It appears to me that OpenSolaris has somewhat higher performance, particularly in low-memory situations. FreeBSD opted to disable read-ahead prefetching on systems with 4GiB of RAM or lower; which many people tend to run. This hurts their sequential read scores quite a bit. Though i have not seen any really good comparisons. Most are against FreeNAS or untuned FreeBSD 8.x; which does not yield optimal results.
The 4K testing thread on HardOCP forums has alot of benchmarks posted, created using my ZFSguru project which runs FreeBSD 8.1 at the moment. Those show very decent performance after memory tuning; though the scaling is not linear. It would be interesting to do such benchmarking under OpenSolaris too, or any other Solaris derivative. But i'm only familiar enough with FreeBSD to do 'qualified' benchmarks on.
I would not focus your choice of OS solely on subtle differences in performance, though. Other aspects, such as hardware compatibility, features, longevity, support and personal preference may be much more important. FreeBSD has an edge over *Solaris with regard to boot support, as it can boot from RAID-Z/1/2/3, even while degraded, while Solaris can only boot from single disk or mirror; meaning many people buy two separate HDDs just for the system disk; ugh! Money wasted, i think. But, this is just one consideration, and you should make up your own mind on what to run. I do recommend to try out different stuff; especially if it can be run inside Virtualbox or something similar so you can try it out easily without messing with hardware.
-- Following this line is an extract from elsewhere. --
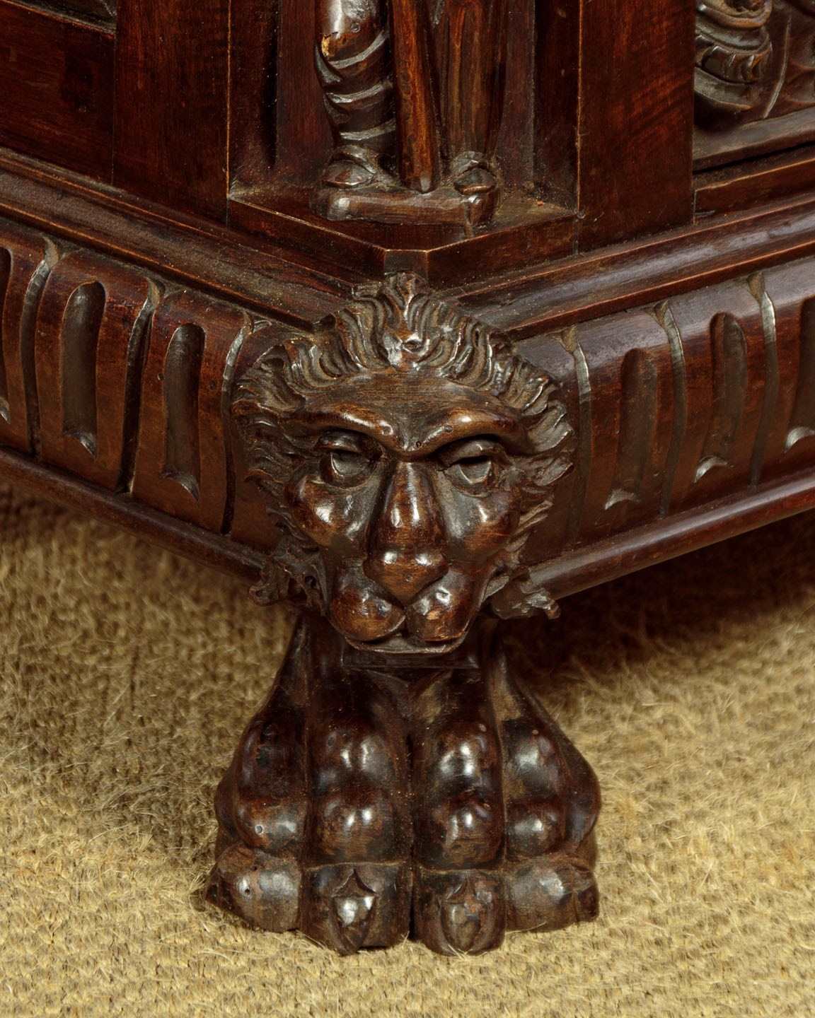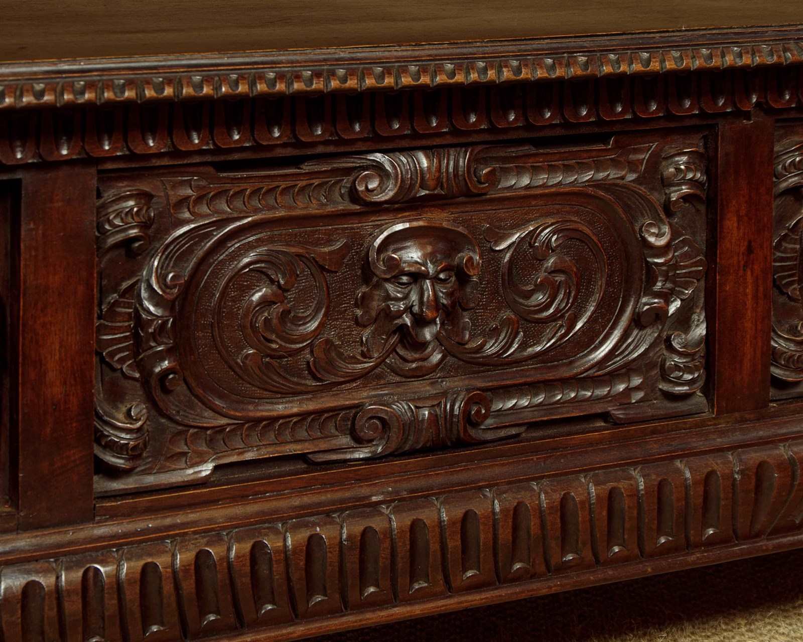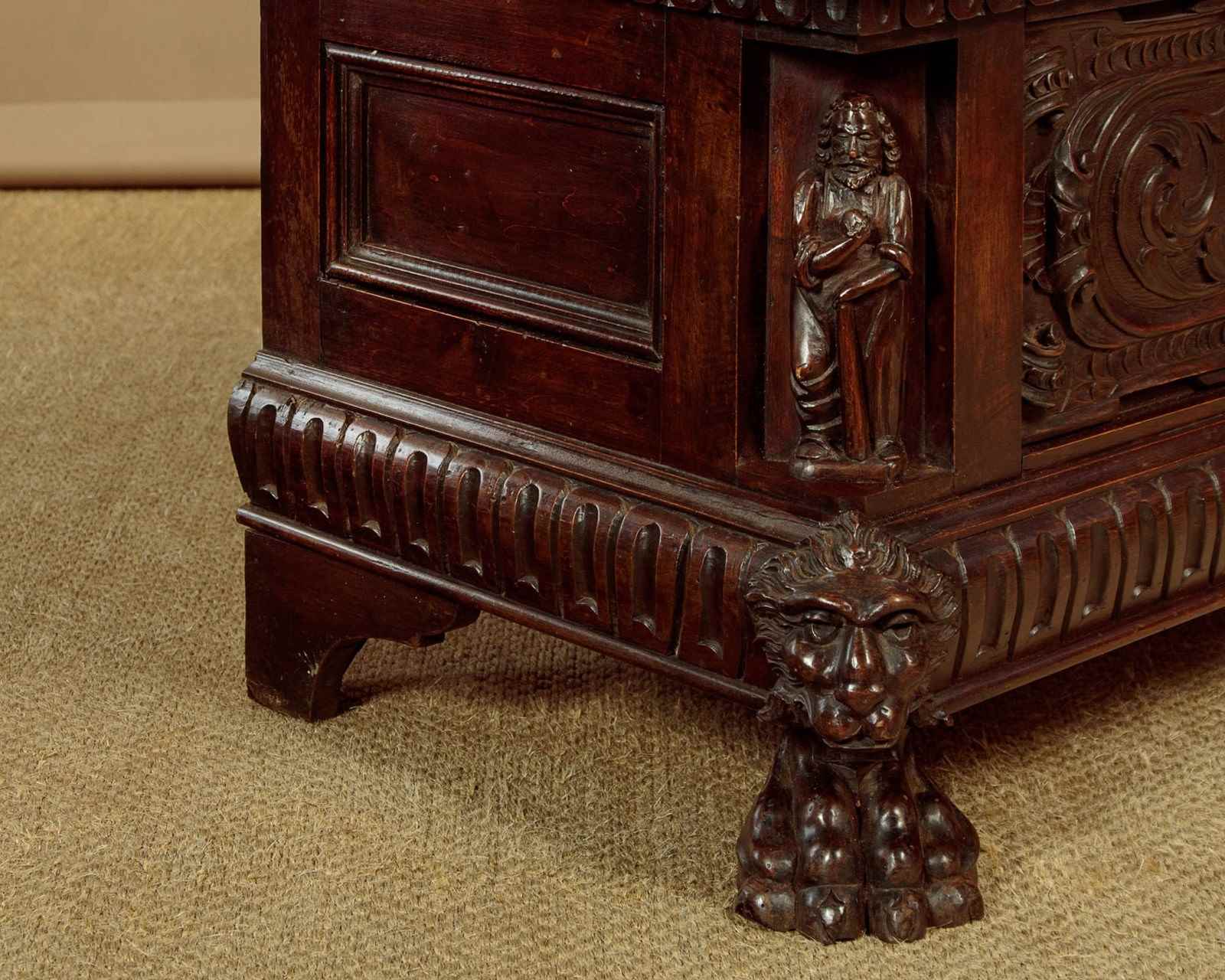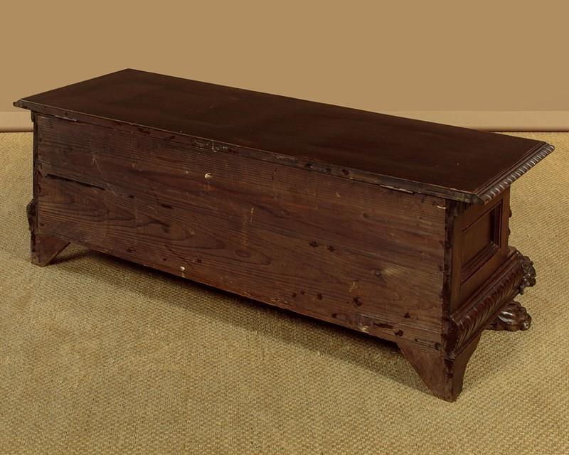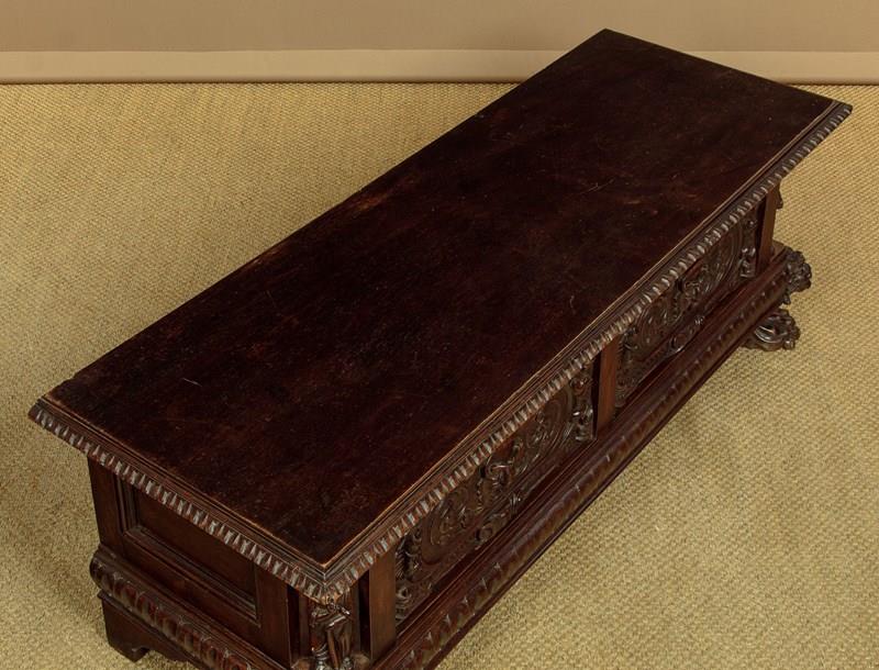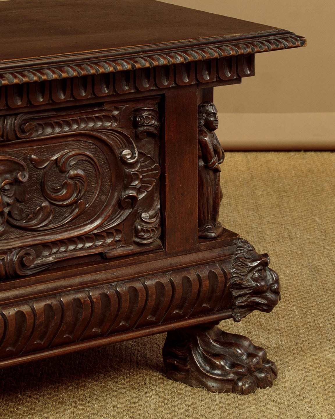 Good looking Renaissance revival carved oak chest or cassone c.1890. Useful flat (rather than panelled) top with a carved and moulded edge, lifting to reveal a silk damask lined interior (internal height 13"). Superb 16th.c. style carved exterior, with grotesque masks and acanthus detail within scrolling cartouches to the panels and flanked with full length male and female carved figures at the corners. Gadroon carved mouldings top and bottom. Lions masks to the front corners of the plinth over large carved claw feet. Very good condition, cleaned and waxed in our workshops.

As for ZFS' future in FreeBSD, one thing is clear: ZFS is actively being worked on by the FreeBSD people, PJD in particular. ZFS v28 second patchset is coming 'soon' and i'm ready to start building experimental releases based on it. Would love to see how performance scales with all the performance enhancing patches that went into the newer versions. Newer ZFS versions don't only add the documented features; alot of under the hood changes as well! Uncertain what will happen after ZFS v28; there is no CDDL-released code after that version. But even if it stayed at that version, with other fixes like performance/stability, it still is the best filesystem out there usable for your NAS.
Oh you asked about reliability too, i forgot. ;-)
Well, avoid early FreeBSD 'experimental'-labeled ZFS releases, commonly used in older FreeNAS releases. ZFS v6 on FreeBSD was hardly stable at all. ZFS v13 in FreeBSD 7.3 and 8.0 was the first official 'stable' ZFS release in FreeBSD, but v14 added stability fixes and v15 as well. So v15 is probably the best ZFS version to run on FreeBSD platform right now. 8.2 should be V15; though i've not had confirmation yet, its still in BETA1. I'm using it already on 8.1 using a stable patchset. In FreeBSD source commits flow from -CURRENT (9.0) to -STABLE (8.x) to -RELEASE (8.2), so some patches are very well tested and stable, while others can be very experimental and dangerous, such as the ashift patch. Always use caution when rigging your own solution! And test thoroughly before committing real data to it.